The Story of Eastbourne Exhibition

Lizzie Williams

The Story of Eastbourne reached its 1st Birthday back in February. Unfortunately, we are currently closed due to the COVID-19 pandemic but I wanted to tell you all a bit about our first year.

As of the 20th March, when we had to close our doors, we’d welcomed a whopping 24,110 visitors into our small exhibition. We certainly couldn’t have done it without the help and knowledge of our fabulous staff and volunteers who have been there for every step of the journey.

We haven’t been the easiest place to find up the top end of Terminus Road. We currently have scaffolding in front of the shop due to ongoing council repairs being made to the building that we’re in, Victoria Mansions. Despite this we had a fantastic first year; locals and visitors to the town have been able to immerse themselves in the stories of Eastbourne and learn more about the town’s heritage.

One of the most rewarding parts of this job is talking to our visitors, listening to their stories, and trying our best to answer their questions. Many of the stories that we’ve heard were about the World Wars, but others included memories of the Dental Estimates Board in the mid to late 1900s, family trees with links to Eastbourne that reach back centuries, and visitors who have come to our little seaside town every year and have fond memories of whiling away their summer holidays on our lovely, albeit slightly stony, beaches.

We’ve met the descendants of one of the first Eastbourne men who was killed while serving abroad in World War One.

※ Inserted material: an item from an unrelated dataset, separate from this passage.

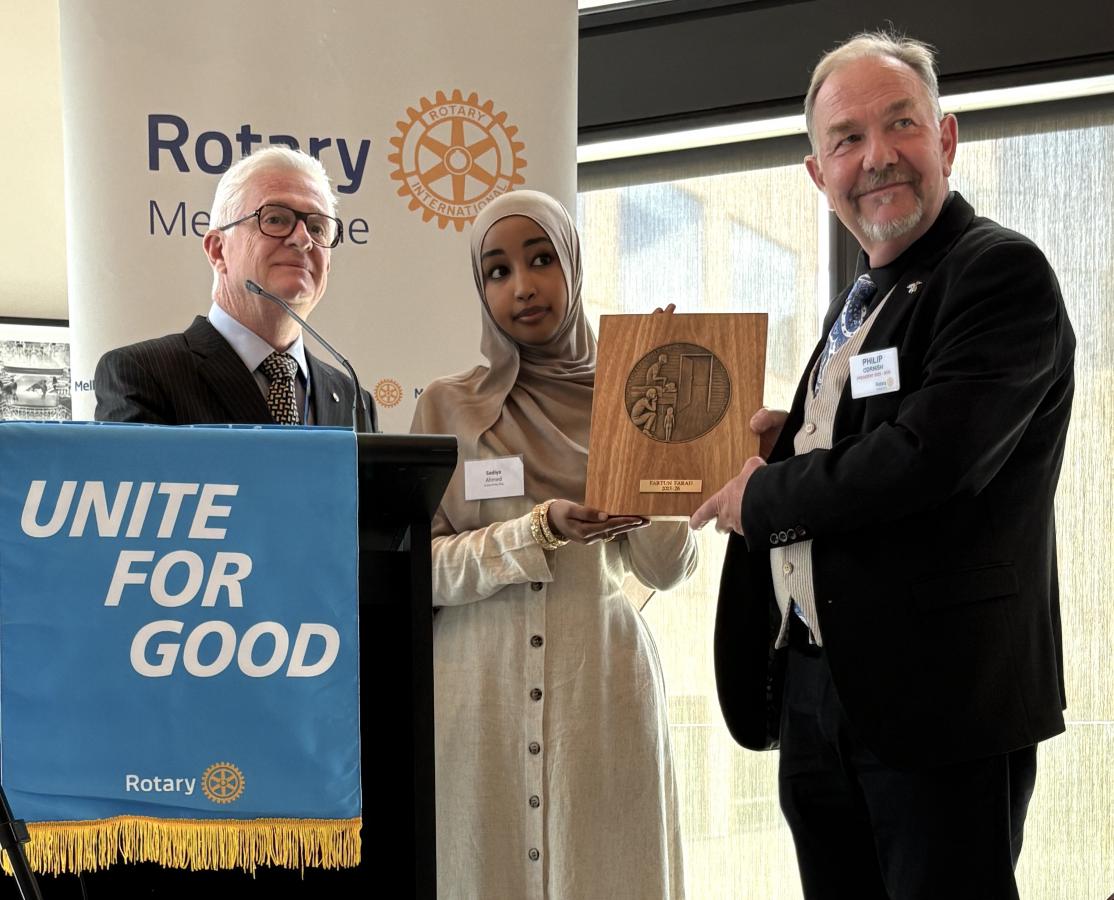 Through this award, Rotary Melbourne gains the opportunity to support the East African Women’s Foundation and to Unite For Good. You can view the Citation in the separate article on the Sir Johnn Reid Community Service Award in this bulletin.

Apparently, the whole town turned out for his funeral.

We researched the owners of a house in Meads from the early 1900s, whose inhabitants led us to a company called Chance Brothers and Co. They were glass makers who supplied the glass for glazing Crystal Palace, the Houses of Parliament, the White House, the opal glass in the faces of the Westminster Clock Tower (now known as the Queen Elizabeth Tower or ‘Big Ben’), and exhibited their work at The Great Exhibition in 1851.

One gentleman who visited us back when we first opened told us that, as he left England for foreign shores during World War II, one of the last things he saw were the white cliffs of the Seven Sisters- a sight that he wouldn’t see again for many years.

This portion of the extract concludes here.